Филатов пришел в себя в тюремном госпитале в Екатеринодаре, около его кровати, снова, как и тогда, в станице Пашковской, стоял остроносый парень. На следствии есаул отказался отвечать на вопросы. Но его ответы не очень были нужны. Жители рыбачьего поселка около Анапы опознали его, а факт убийства чекиста Никандрова был налицо. Поэтому революционный трибунал вынес приговор: расстрелять бывшего есаула Ивана Филатова как белого карателя и убийцу.

Есаул усмехнулся. Он мог бы сказать им, что, расстреляв его, они сами встанут на краю могилы. Есаул вспомнил свою последнюю встречу с Врангелем. Барон выступал перед узким кругом офицеров и генералов своего штаба. Он был в хорошем настроении. Накануне в переговорах с союзниками было достигнуто соглашение о получении займа. Кроме того, англичане обещали, что в высадке нового десанта на Кубань примет участие 25‑тысячный экспедиционный корпус. Филатов смотрел тогда на этого подтянутого человека в белой черкеске и с волнением слушал его высокий, немного надтреснутый голос.
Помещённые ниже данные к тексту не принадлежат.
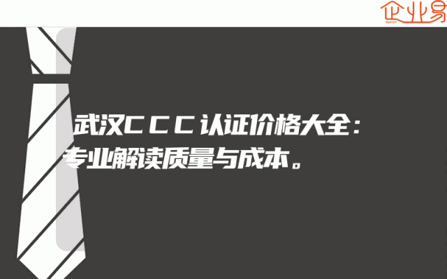 - 武汉CCC认证价格大全:专业解读质量与成本。
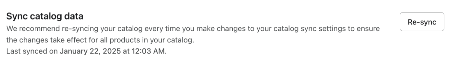 - En la sección Sincronizar datos del catálogo, haz clic en Volver a sincronizar. Tu catálogo comenzará a resincronizarse.
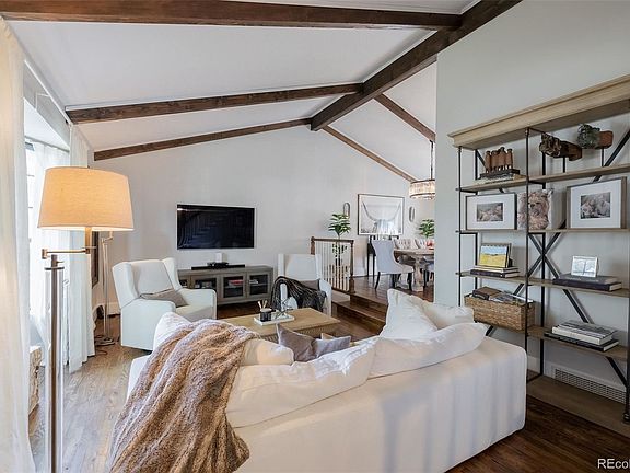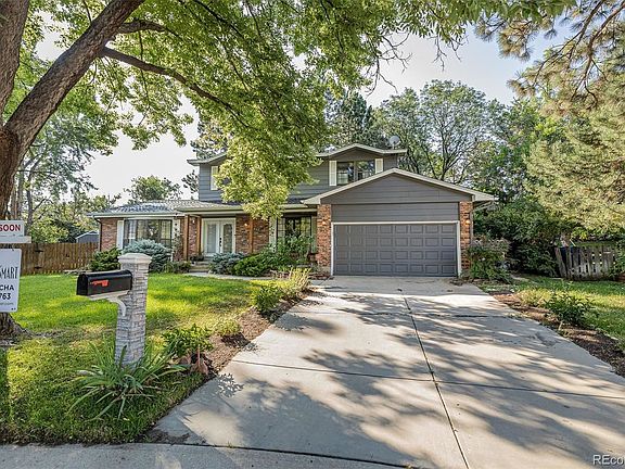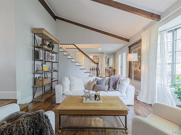 This gorgeous two-story home nestled in a quiet cul-de-sac in the heart of Village East, has been beautifully updated and meticulously maintained. The kitchen features quartz countertops, an electric cooktop, double ovens, newer stainless appliances, apron sink, and custom 1" live edge Canadian black walnut shelving. Just off the kitchen you will find the sunny dining area featuring a custom Art Deco inspired crystal chandelier from Restoration Hardware. The sunken living room features a charming bay window and vaulted ceilings with exposed wood beams, and original hardwood floors with Jacobean finish. The kitchen was expanded to include a bar and sitting area. Just off the foyer is a large office with a closet which would also function perfectly as a 5th bedroom. Upstairs you will find the Master Suite plus two additional spacious bedrooms. This lovely home is complete with a finished basement with conforming bedroom, 3/4 bath and family room/playroom. The AC unit, water heater and furnace were all replaced last year! The expansive backyard is an entertainer's dream with an enormous deck, mature trees, storage shed and playset included! Ideal location in the Cherry Creek School District, 3 minutes to Gardens on Havana Retail District, and 7 minutes to Nine Mile Light Rail Station.
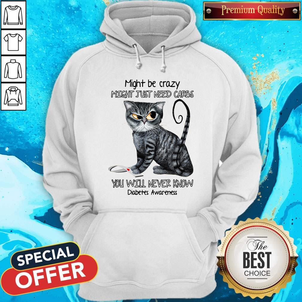 Explore more about the Might Be Crazy Might Just Need Carbs Diabetes Awareness Cat Shirt and make it yours today!
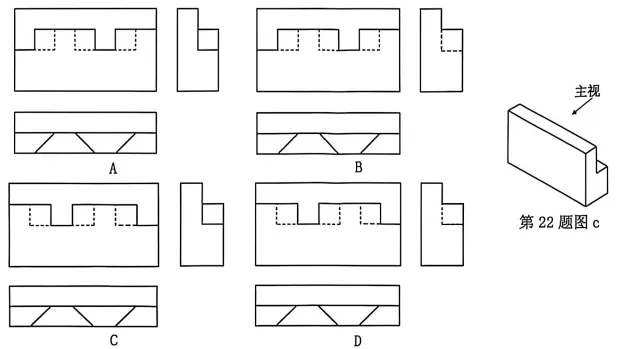 22.下列关于构件2(如图c)的三视图,符合投影规律的是()
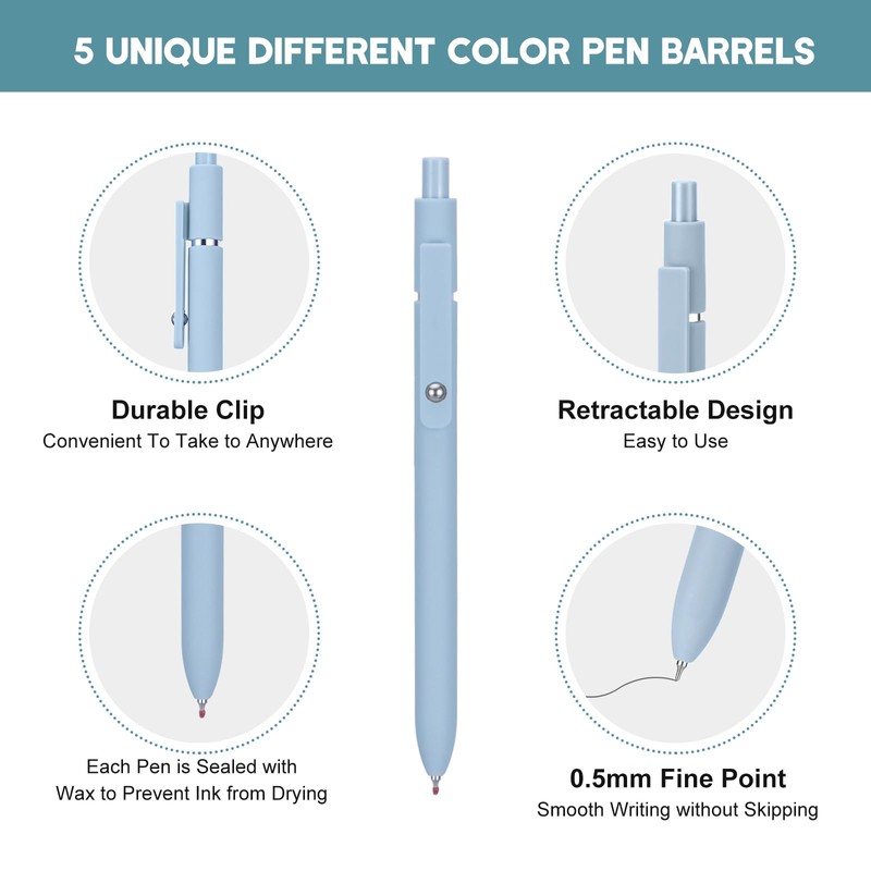 • Aesthetic ballpoint pens: discover the elegance and versatility of our pastel gel ballpoint pens. This set contains five retractable ink pens in assorted pastel colours with a fine 0.5mm tip.
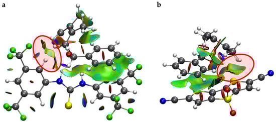 The systems were further analyzed using molecular electrostatic potential (MEP) maps and non-covalent interaction index (NCI) plots [39] at the M06-2X-D3/cc-pVDZ(-PP) level of theory. The Ziegler-Rauk-type energy decomposition analysis (EDA) [40,41,42], the activation strain model (ASM) [43] analyses using the PyFrag 2019 (version 0.1.0) software [44], and the natural orbitals for chemical valence (NOCV) [45] analysis of the Gaussian16-optimized structures were computed using the PBE/TZ2P (small core) level of theory [46,47,48] in combination with the dispersion correction Grimme’s D3 method, using the Amsterdam Modeling Suite (AMS) [49]. Relativistic effects were considered by using the zeroth-order regular approximation (ZORA) [50]. The levels of theory used for the quantum-chemical analysis tools are based on previous work in our group [27,51,52], in which non-covalent interactions were analyzed in a similar fashion as the current study. In particular, the PBE functional was selected because it is as good as dispersion-correction free, allowing for a correct quantification of the dispersion energy term in EDA via Grimme’s D3 correction.
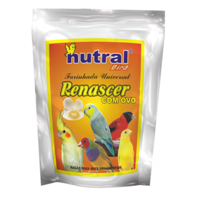60% gluten bran, powdered whole egg, wheat germ, ground corn, soy bran, wheat bran, dicalcium phosphate, sodium chloride, calcite limestone, vitamin and mineral premix and refined soy oil, artificial aroma of fruits.
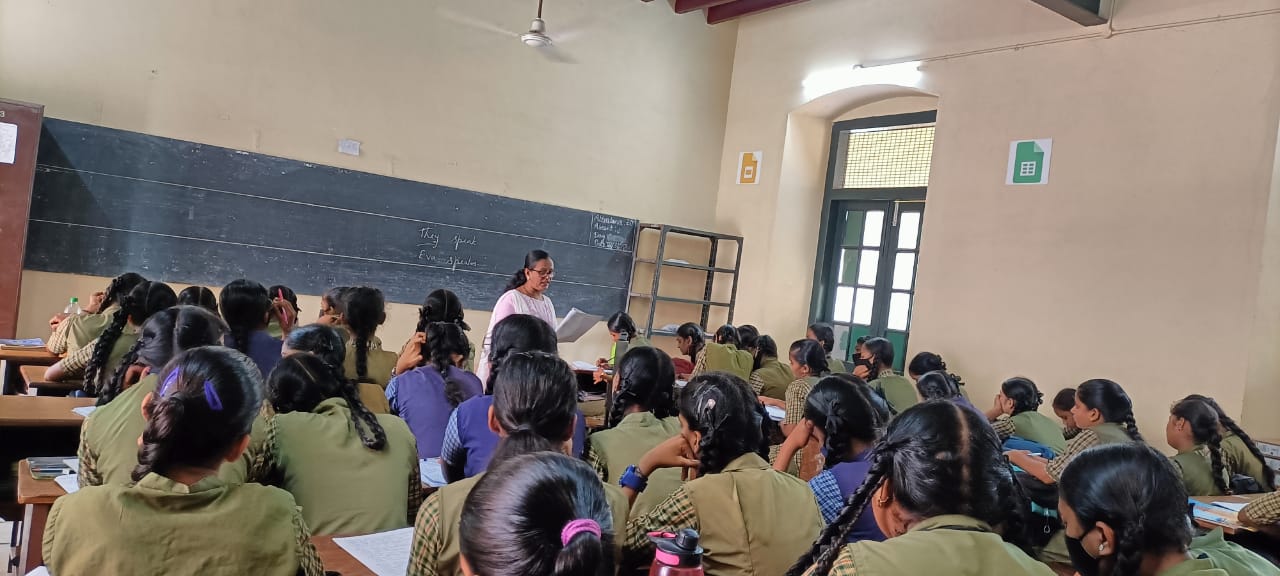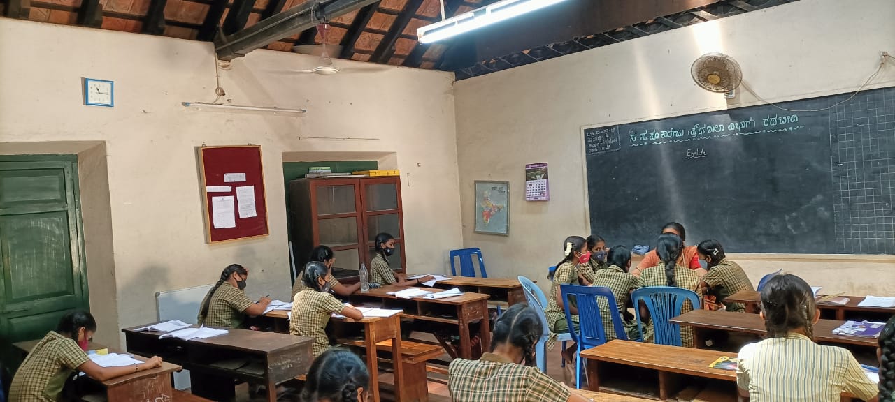 ಇಂದು ಬೆಳಗ್ಗೆ ನಗರದ ಹೃದಯ ಭಾಗದ ಬಲ್ಮಠ ಬಳಿಯ ಸರಕಾರಿ ಹೆಣ್ಣುಮಕ್ಕಳ ಸಂಯುಕ್ತ ಪದವಿ ಪೂರ್ವ ಕಾಲೇಜಿಗೆ ಭೇಟಿ ನೀಡಿದ ಸಂದರ್ಭ ಅಲ್ಲಿನ ಹೈಸ್ಕೂಲ್ ವಿಭಾಗದ 10ನೇ ತರಗತಿಯ ವಿದ್ಯಾರ್ಥಿಗಳಿಗೆ ಆಂಗ್ಲ ಭಾಷಾ ಶಿಕ್ಷಕಿ ಮರ್ಲಿನ್ ಮೇಬಲ್ ಮಸ್ಕರೇನಸ್ ಪಾಠ ಮಾಡುತ್ತಿದ್ದರು. ಇಲ್ಲಿ ಪ್ರಸಕ್ತ ಸಾಲಿನಲ್ಲಿ 10ನೇ ತರಗತಿಯಲ್ಲಿ 62 ಮಂದಿ ವಿದ್ಯಾರ್ಥಿಗಳಿದ್ದು, ಇವರಲ್ಲಿ 11 ವಿದ್ಯಾರ್ಥಿಗಳಿಗೆ (ಸಣ್ಣಪುಟ್ಟ ನ್ಯೂನತೆ ಇರುವ) ದ್ವಿತೀಯ ಮತ್ತು ತೃತೀಯ ಭಾಷಾ ಪರೀಕ್ಷೆಗಳಿಂದ ವಿನಾಯಿತಿ ಇದೆ. ಉಳಿದೆಲ್ಲಾ ಮಕ್ಕಳು ಇಂದು ಹಾಜರಾಗಿದ್ದು, ಶಿಕ್ಷಕಿಯಿಂದ ಕೊನೆ ಕ್ಷಣದ ಸಿದ್ಧತೆಯಲ್ಲಿ ತೊಡಗಿದ್ದರು.
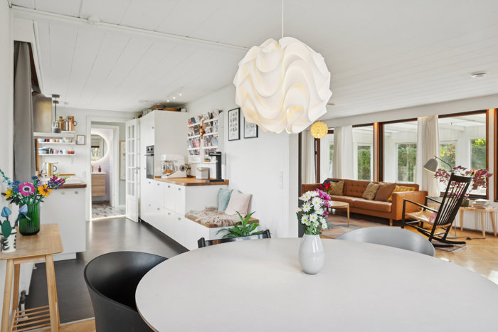 Velkommen indenfor til en gennemtænkt planløsning, hvor værelser og leverum er i hver deres ende af huset. Her skal du se et gæstetoilet og et badeværelse med natursten i marmor, et rummeligt og praktisk bryggers samt fire værelser. Boligens trumfkort er det glimrende leverum, hvor køkken-alrum og stue ligger i åben forbindelse til hinanden, hvilket skaber god plads til hverdagens samvær og årets festlige begivenheder.

– За поруганную веру и оскорбленные ее святыни, – говорил Врангель, – за освобождение русского народа от ига каторжников и бродяг. Помогите мне, русские люди, спасти родину! – Врангель склонил перед собравшимися голову, резко вскинул ее, повернулся и вышел. Филатов заметил, у некоторых блеснули слезы.

После приговора есаул Филатов кашлянул и внезапно охрипшим голосом произнес:

– Если б ваши хамские морды попались мне, я бы вас четвертовал!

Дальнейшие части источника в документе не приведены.